A Different Turf
- First UK edition
- Author: Jon Cleary
- Language: English
- Series: Scobie Malone
- Genre: Detective
- Publisher: HarperCollins (UK) William Morrow (US)
- Publication date: 1997
- Publication place: Australia
- Preceded by: Endpeace
- Followed by: Five Ring Circus

= A Different Turf =

Book by Jon Cleary

A Different Turf is a 1997 novel from Australian author Jon Cleary, the fourteenth book featuring Sydney detective Scobie Malone.

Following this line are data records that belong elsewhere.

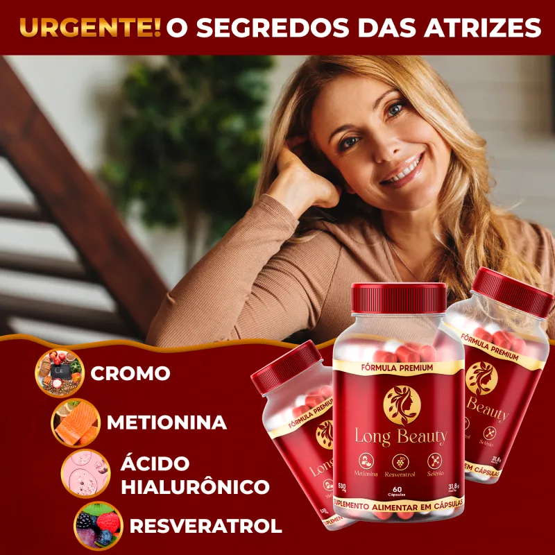 Conheça o LONG BEAUTY, o tratamento que auxilia no crescimento capilar, deixa suas unhas fortes e sua pele mais bonita!!! Fórmula única que trata de dentro pra fora!!! Contém Cromo, Metionina, Ácido Hialurônico e Revesratrol.
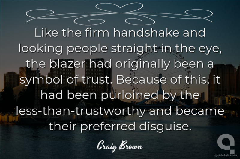 Like the firm handshake and looking people straight in the eye, the blazer had originally been a symbol of trust. Because of this, it had been purloined by the less-than-trustworthy and became their preferred disguise.
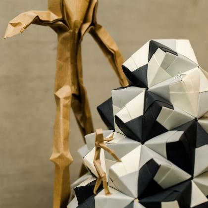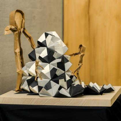 A minimalistic three dimensional composition of Sonobe units and simple human figures.
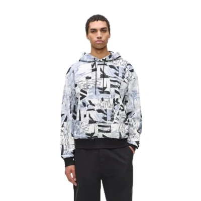Karl Lagerfeld Jeans Relaxed Allover Monogram Hoodie, Men's, Size: Medium, Urban texture aop
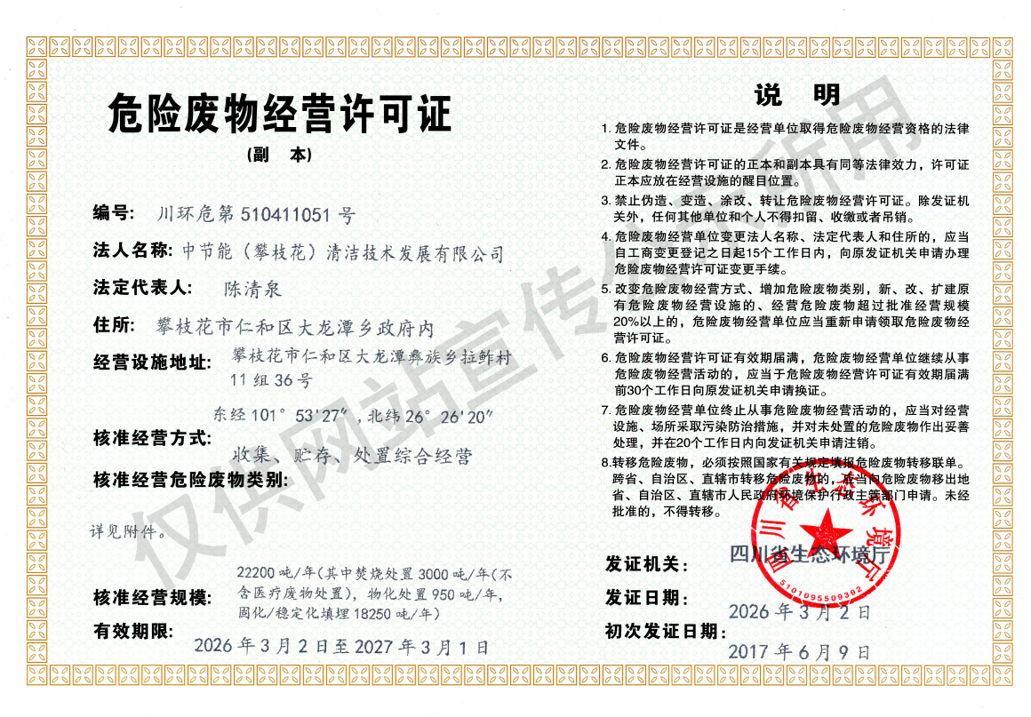 中節(jié)能(攀枝花)清潔技術(shù)發(fā)展有限公司(以下簡(jiǎn)稱(chēng)公司)成立于2008年5月,注冊(cè)資金1.6519億元。公司由中節(jié)能清潔技術(shù)發(fā)展有限公司和攀枝花市產(chǎn)業(yè)投資經(jīng)營(yíng)有限責(zé)任公司共同持股,并由中節(jié)能清潔技術(shù)發(fā)展有限公司控股經(jīng)營(yíng)。公司投資建設(shè)和運(yùn)營(yíng)的攀枝花市危險(xiǎn)廢物處置中心項(xiàng)目是全國(guó)統(tǒng)籌部署的全國(guó)31個(gè)危險(xiǎn)廢物綜合處置中心項(xiàng)目之一,位于攀枝花市仁和區(qū)大龍?zhí)多l(xiāng)迤資村華賣(mài)社,核準(zhǔn)處理原生廢物2.425萬(wàn)噸/年,可對(duì)43大類(lèi),447項(xiàng)(醫(yī)療廢物)進(jìn)行安全處置。

A series of gay bashings have taken place throughout Sydney and someone is murdering the culprits. Cleary explored the psychology of serial killers from Australia's leading police profiler, Inspector Bronwyn Killmier, who inspired the character of Tilly Orbost.

==Background==
Cleary was inspired to write the book after receiving criticism for a letter he wrote to the Sydney Morning Herald complaining about the amount of attention given to people who died of AIDS compared to other diseases. Cleary wrote that:
We lost our daughter, at 37, to breast cancer after she had fought it for 3 years. There was no torchlight procession for her or similar victims; no quilts stitched; no vote-grabbing politician appeared at our door with a lighted candle. We kept our grief private, up till now. One person a day dies in Australia of AIDS. Six women die every day in this country of breast cancer. One has a natural sympathy for AIDS sufferers, but people are dying all over the world every day, of a variety of diseases, of malnutrition, of political persecution. None of them, it seems, is fortunate enough to have the vocal and media support that the AIDS unfortunates seem able to muster."

The letter was controversial and made Cleary reflect whether he should reconsider his attitudes. He thought he could use the format of a Scobie Malone book to explore the gay community of Sydney. Cleary:
I went to the police gay and lesbian liaison unit and explained the moral baggage of my generation, but that I wanted to be as impartial as I could. They were very helpful. The book is a polemic about justice and respect for the other side. I don't go to gay bars and the sleaze ball but I write about the love that is in homosexuality. I don't paint Scobie Malone as an uncritical observer of the scene. There's so much of me in Malone. My prejudices are his. He gets rid of his in the book.

Cleary says writing the book made him more sympathetic to the gay cause.

==Reception==
Reviewer Stuart Coupe wrote that:
It must be said that with the Malone series Cleary has become a touch erratic, as has Ed McBain with his 87th Precinct series and Elmore Leonard with whatever fascinates him at the time. The books are never less than enjoyable but often read as though they've been produced out of habit rather than having any new territory to explore. But when he's "on", Cleary is very, very on - and A Different Turf is arguably the finest achievement of this long-running series.